We shall now start to construct a formal calculus for the rigorous proof of logically valid sequents. Before coming to details, however, we must say what in general is to count as a proof in the system, and to explain this we begin with the notion of a derivation.
An argument consists simply of premises and conclusion, and it may be quite unclear how, if at all, the conclusion is supposed to follow from the premises. For example, the axioms of a theory, such as Euclid's geometry, can serve as premises and any theorem of that theory can be the conclusion. The argument so formed is valid, but in the case, say, of Pythagoras's theorem it may take real ingenuity to discover reasons for thinking this to be so. The axioms, after all, just say things like 'Any two points lie on exactly one straight line' and 'Any straight line can be produced indefinitely', while the conclusion is that the square of the hypotenuse of a right-angled triangle is the sum of the squares of the other two sides.
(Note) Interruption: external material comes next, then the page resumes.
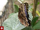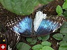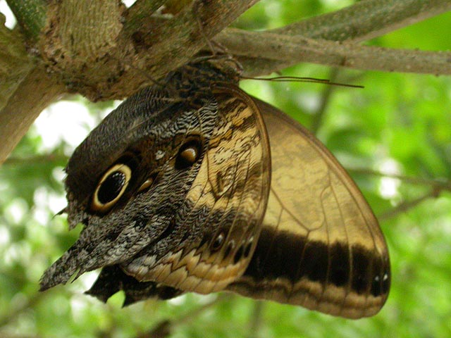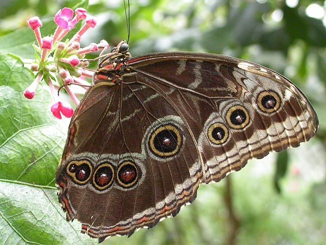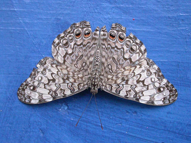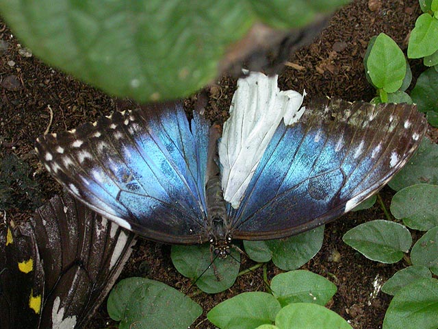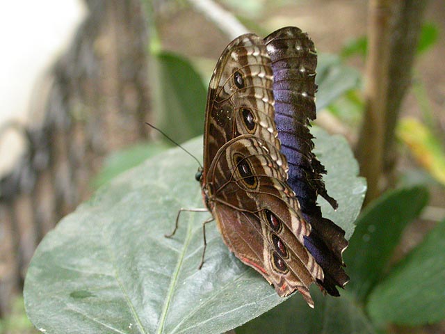 her fridge full of dormant cocoons. she said the blue morphos are the most popular butterflies but they're hard to raise because their caterpillars have stinging hairs. blue morphos were definitely very common, although whenever they came to rest they'd close their characteristic iridescent blue wings to reveal several false eyespots.
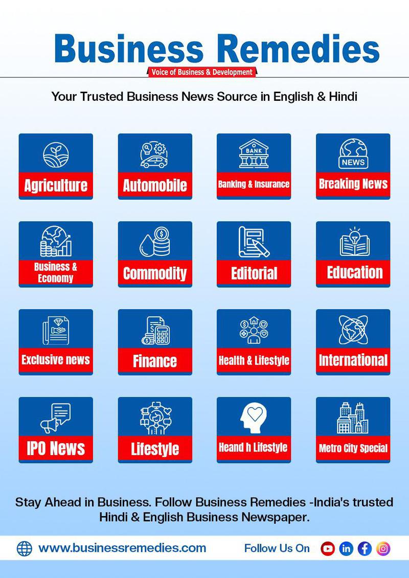 Business Remedies is a leading Hindi-language business daily newspaper from Jaipur, Rajasthan, delivering accurate and timely updates on the stock market, IPO allotment status, IPO subscription status, SME IPO, main board IPO, upcoming IPO, and IPO market latest news. Readers trust us for today’s stock market news, share market updates, stock market analysis, stock market predictions, and live updates on Nifty Sensex today.Our coverage includes complete updates on today gold rate, gold price in India, MCX gold rate today, silver rate, today silver rate, silver price in India, and MCX silver rate today, making us a reliable source for commodity market live updates.As Rajasthan’s top financial publication and one of the best business newspapers in India, Business Remedies provides the latest news about the stock market, share market today updates, financial market news today, corporate finance news, and Indian economy news today. We cover both national and local business news, with a strong focus on Jaipur business news, Rajasthan business news, Delhi business news updates, and the latest financial news in Rajasthan.With detailed reports, expert opinions, and simplified articles, our Hindi financial newspaper makes complex financial topics easy to understand. Whether you are searching for share market latest news in Hindi, stock market today live updates, IPO updates, financial express newspaper insights, or Rajasthan’s latest financial news, Business Remedies is your trusted source.Stay ahead with the latest Indian economy news, business news papers in India, and Hindi financial papers—only at Business Remedies, your go-to platform for share market and business news in Hindi.

In this case, the proof is easy enough once someone has shown you how to do it, but it is not trivial and was at one time a real achievement. What we do to make an argument like this convincing is to fill in the gap between premises and conclusion with intermediate steps, perhaps with comments saying how each of the successive statements follows from earlier ones. By this means the conclusion is derived from the premises. Arguments in a system, however difficult and unobvious they may be, can thus be reduced to small, simple, obviously valid steps which can be classified and codified. The proof of sequents in formal logic is reducible to about a dozen small-scale rules whose operation can be iterated to produce intricate derivations.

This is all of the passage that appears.